The pub team did not need a wicketkeeper, and as the youngest member I had to do much chasing in the outfield. In one match, the captain took pity on me (or possibly sought to end the proceedings and get back to the pub). Anyway, he put me on to bowl. And in my very first over for his team, I produced a total ripper. It is hard to do justice to it, but I got a reminder years later when Shane Warne produced That Delivery to dismiss Mike Gatting.

I made then my second major discovery about cricket: its power to deliver to any player a Magic Moment. Of course it delivers many more of them to good players, and intentionally rather than randomly, but it also doles them out to no-hopers.

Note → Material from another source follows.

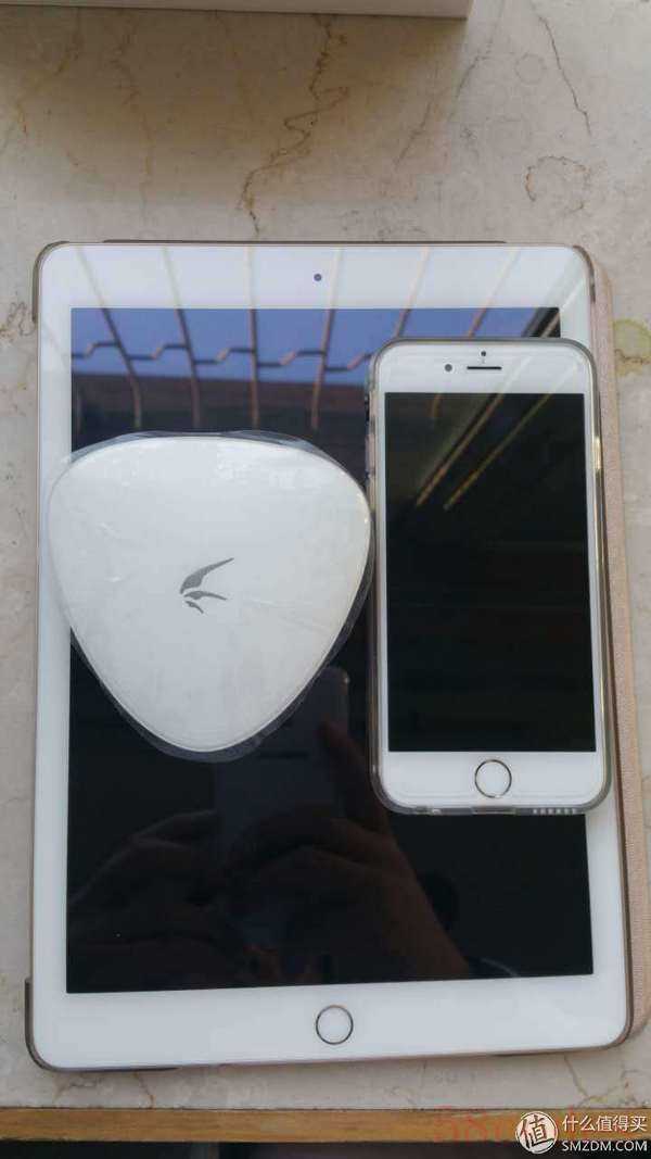 ▼下载宝,个头真的很小,跟iphone6和ipadair2放在一起比较直观,有一点点分量,不是那种轻飘飘拿着一块塑料的感觉,

Moments which even their all-time idols could not better, which make their imagined crowds roar and their imagined commentators gasp.

Magic Moments have tremendous power. It takes only one each season to make perpetrators forget days of drudgery and humiliation, and decide to play another season. Magic Moments in cricket can leave an afterglow on life outside. They make despairing dramatists attempt another play, despairing diplomats make another démarche and despairing dentists decide to drill another bicuspid.

I have had other Magic Moments in an undeservedly long career, glow-worms in a cave of mediocrity, but none to beat the first. That is why 1963 remains my Golden Summer.